Got an order that showed $6.86 for delivery in DTLA street away from restaurant went there, got food started nav and it turned out address was not detecting properly it was showing same address for delivery as for pick-up because customer specified addres with 1/2 at the end and DoorDash app bugged out.

I google mapped location and it was in El Monte which is another city 15 miles away in middlle of nowhere, its close to hour drive to get there and hour or more to get back. \

So called customer to confirm she said - please cancel this makes no sense to drive that much to deliver.

I contacted DoorDash to explain what happen and what i hear from them.

We will add $3.14 to your delivery fee if you complete this delivery, i was like WHAT the @#!$, a total of $10 for 2 hours?!
NO WAY MAN i been doing this for too long to know when i am getting a RAW DEAL.

It was peak hour orders were popping like crazy, soon as they canceled that order i instantly got another one that like 5 minute drive, if i would have went that far i would loose so much time and unearned money, and all they offer is $3.14 what a cheapos.

They made me return food to restaurant and they sent another person to get it.

I did not even get the food, however they paid me 50% of delivery fee for that order, whatever...


----------



## Sodium101 (May 23, 2018)

The support staff is over seas $3 is like half a days pay.
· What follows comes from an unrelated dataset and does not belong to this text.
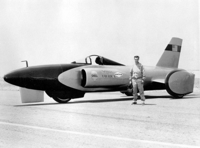 49. С сорок девятым рекордом скорости для автомобиля произошёл казус. 5 сентября 1963 года, спустя почти 16 лет после Кобба, на соляных озёрах Бонневилля пилот Крейг Бридлав разогнался на своём автомобиле Spirit of America до скорости 657,114 км/ч. Это был первый в истории рекорд, установленный на автомобиле, движителем которого были не колёса, а реактивная тяга. Это противоречило правилам, установленным на тот момент автомобильной федерацией FIA; более того, автомобиль был трёхколёсным, в то время как в правилах чётко было прописано: четырёхколёсные экипажи. Рекорд не признали.

Sounds like a lot to them.


----------



## Invisible (Jun 15, 2018)

I wonder if any driver was desperate enough to have delivered it for that awful pay. 

Glad you at least got some pay for it.


----------



## SubTeacher (Jun 15, 2018)

DD sends you personal text messages? I only get the ones that I am unable to reply to


----------



## Uberdriver2710 (Jul 15, 2015)

Aways negotiate pay.


----------